[GIVEN DATA]

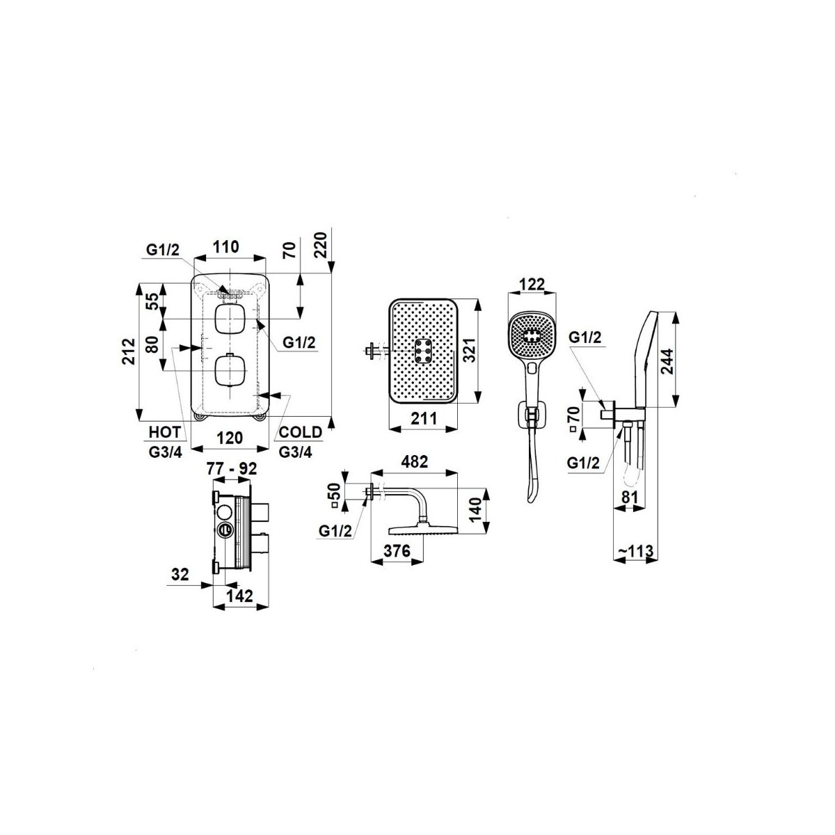 - obsah balení: skrytá skříňka, kompletní baterie, armatura, talířová sprcha s hadicí, skrytá posuvná sprcha, návod k instalaci a obsluze se zárukou
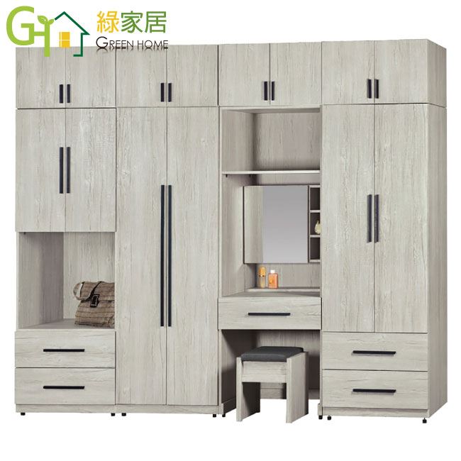 【綠家居】夏艾亞淺橡10.1尺多功能鏡台式加高衣櫃組合(含化妝椅)
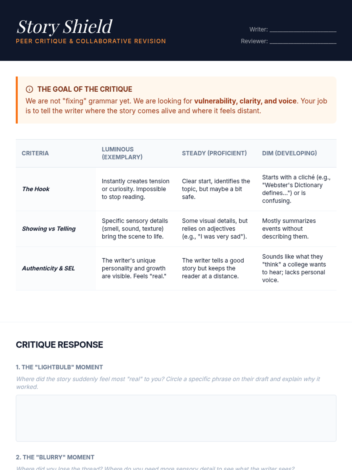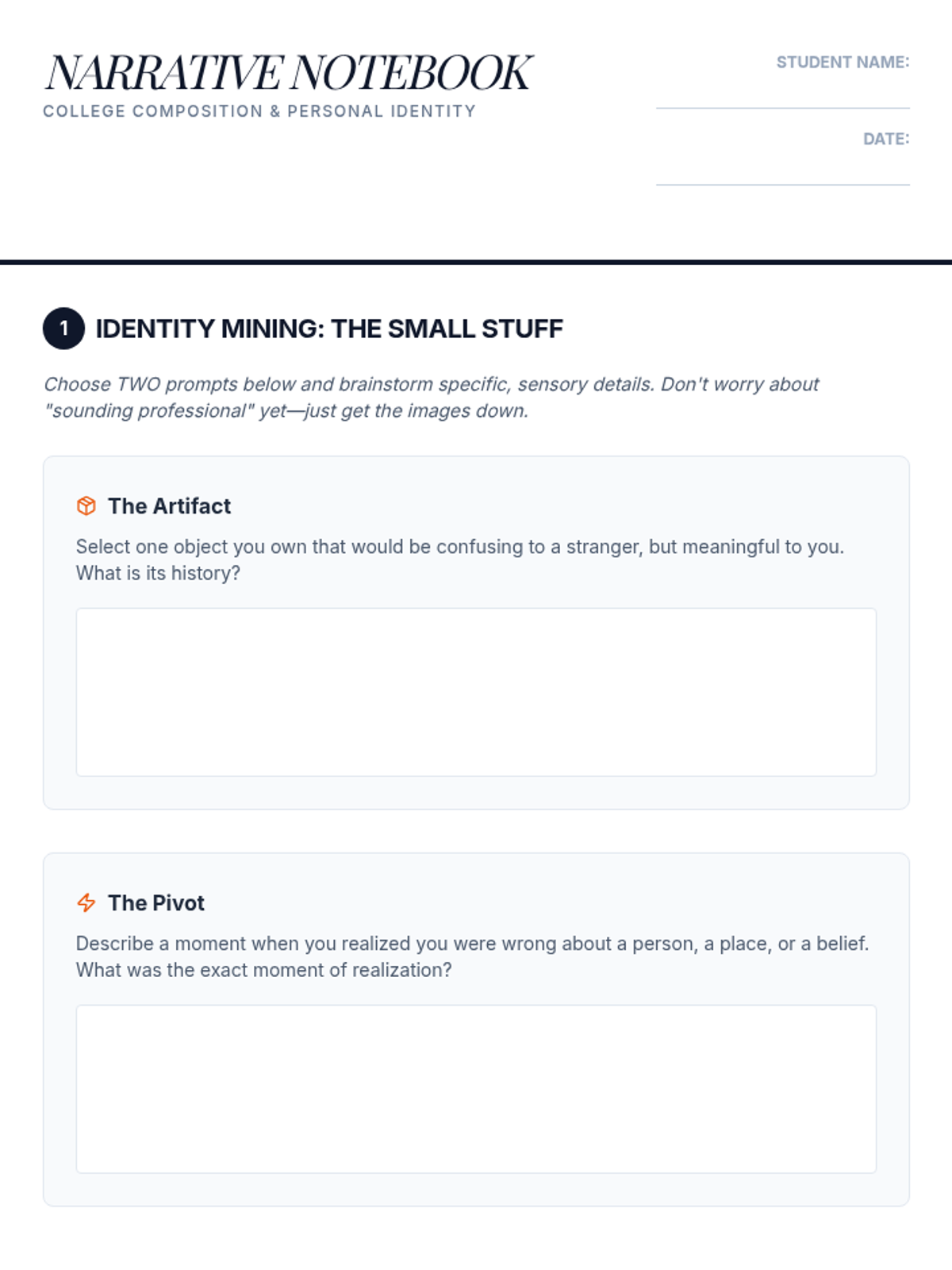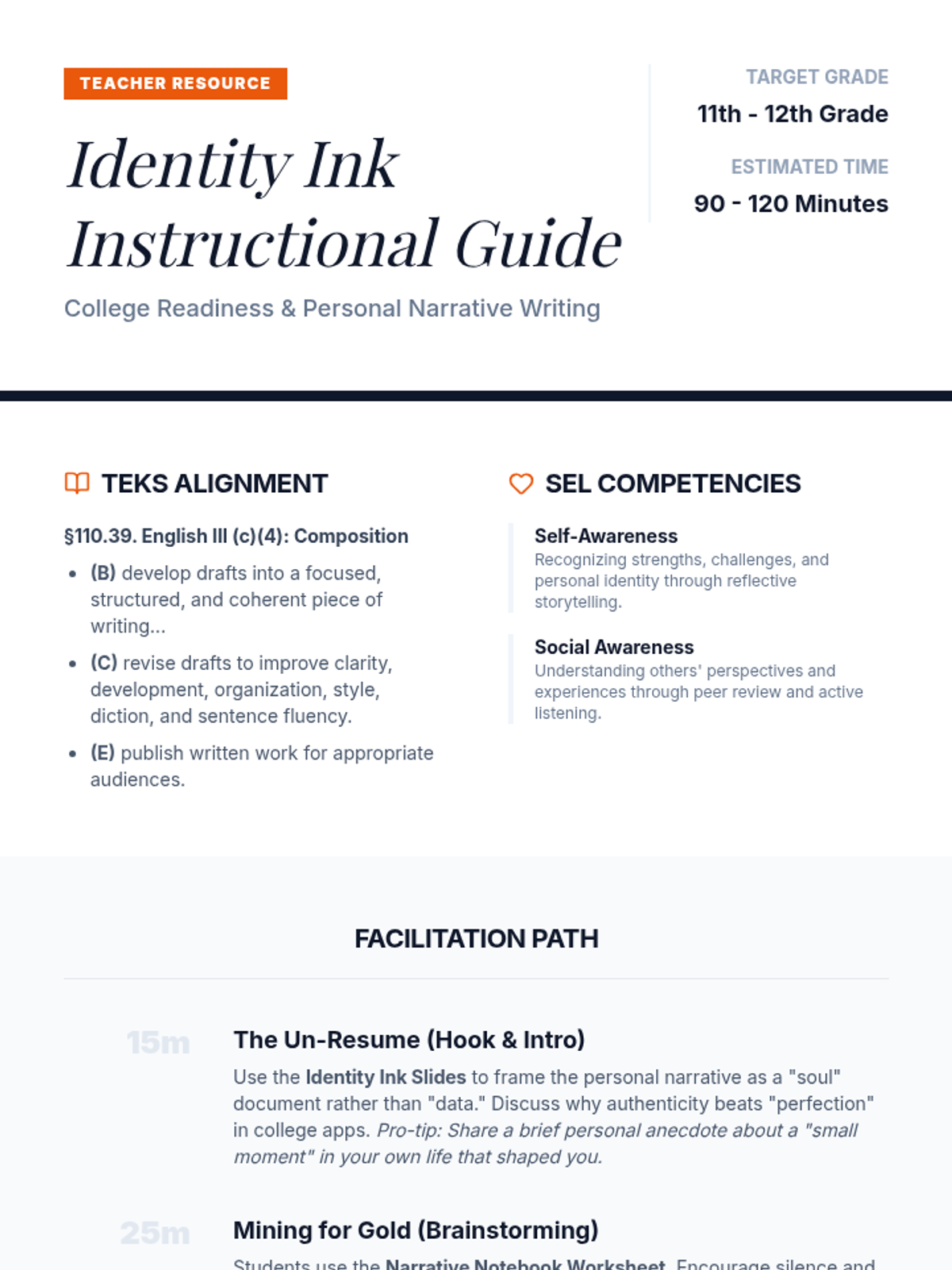 A comprehensive lesson for high schoolers to master the college personal narrative by blending self-awareness with advanced composition skills, aligned with TEKS 110.39 standards.

[/GIVEN DATA]

WHAT YOU HAVE TO DO: Write out the material above exactly; no pictures.

EXERCISE RESULT:
 - obsah balení: skrytá skříňka, kompletní baterie, armatura, talířová sprcha s hadicí, skrytá posuvná sprcha, návod k instalaci a obsluze se zárukou
 【綠家居】夏艾亞淺橡10.1尺多功能鏡台式加高衣櫃組合(含化妝椅)
 A comprehensive lesson for high schoolers to master the college personal narrative by blending self-awareness with advanced composition skills, aligned with TEKS 110.39 standards.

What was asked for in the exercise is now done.